Venezuela: ¿un laboratorio de la nueva doctrina Trump?
El caso Venezuela funciona hoy como laboratorio de la nueva Estrategia de Seguridad Nacional estadounidense. Uno de sus principios es la retórica de paz a través de la fuerza, la cual se traduce en sanciones, designaciones terroristas y despliegues navales que elevan el riesgo de escalada militar. Este ocupa un lugar central en la nueva estrategia, con la premisa de que sólo un poder militar, económico y tecnológico indiscutido disuade a rivales y evitan guerras abiertas. Así, la Casa Blanca presenta su ofensiva contra Venezuela como una extensión de la “guerra contra las drogas” y como herramienta legítima de autodefensa frente a un narco-Estado. Sin embargo, al mismo, tiempo alimenta las sospechas de que se esté construyendo una coartada para impulsar un cambio de régimen en Venezuela.

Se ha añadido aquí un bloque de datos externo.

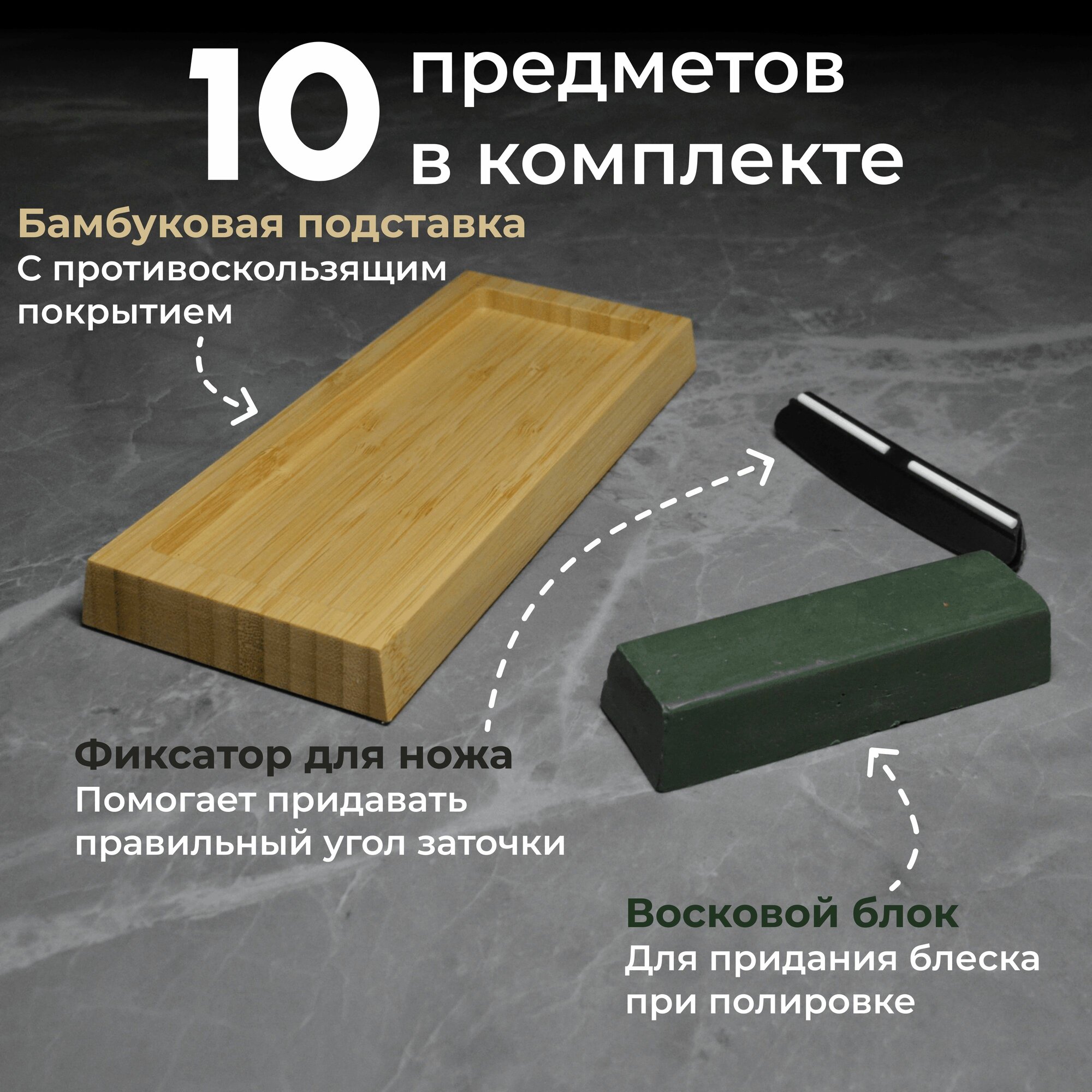 В комплекте есть всё необходимое для удобной заточки и полировки ножей, а также корректирующий камень для выравнивания поверхности точильного камня.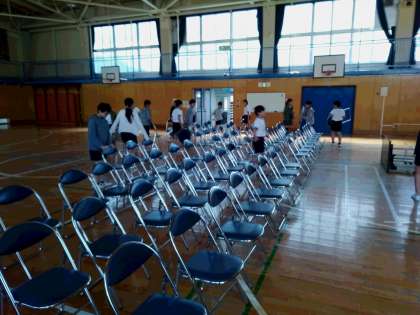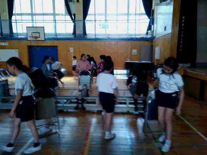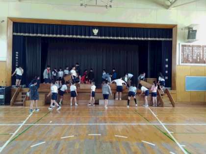 授業と授業の合間の時間に、会場設営を担当するのは6年生。

Sobre esto último, resulta peculiar destacar otro de los más grandes principios de la nueva doctrina estadounidense: la predisposición al no intervencionismo. Washington afirma que no pretende exportar democracia a la fuerza o incidir en otros Estados. Pero esa definición convive en la actualidad con una práctica que, en el caso venezolano, se acerca cada vez más a los bordes de la intervención clásica. Por ejemplo, el reciente cierre del espacio aéreo venezolano como amenaza, la posibilidad de extensión de operaciones militares “antinarcóticos”, el endurecimiento de sanciones, entre otras tantas medidas.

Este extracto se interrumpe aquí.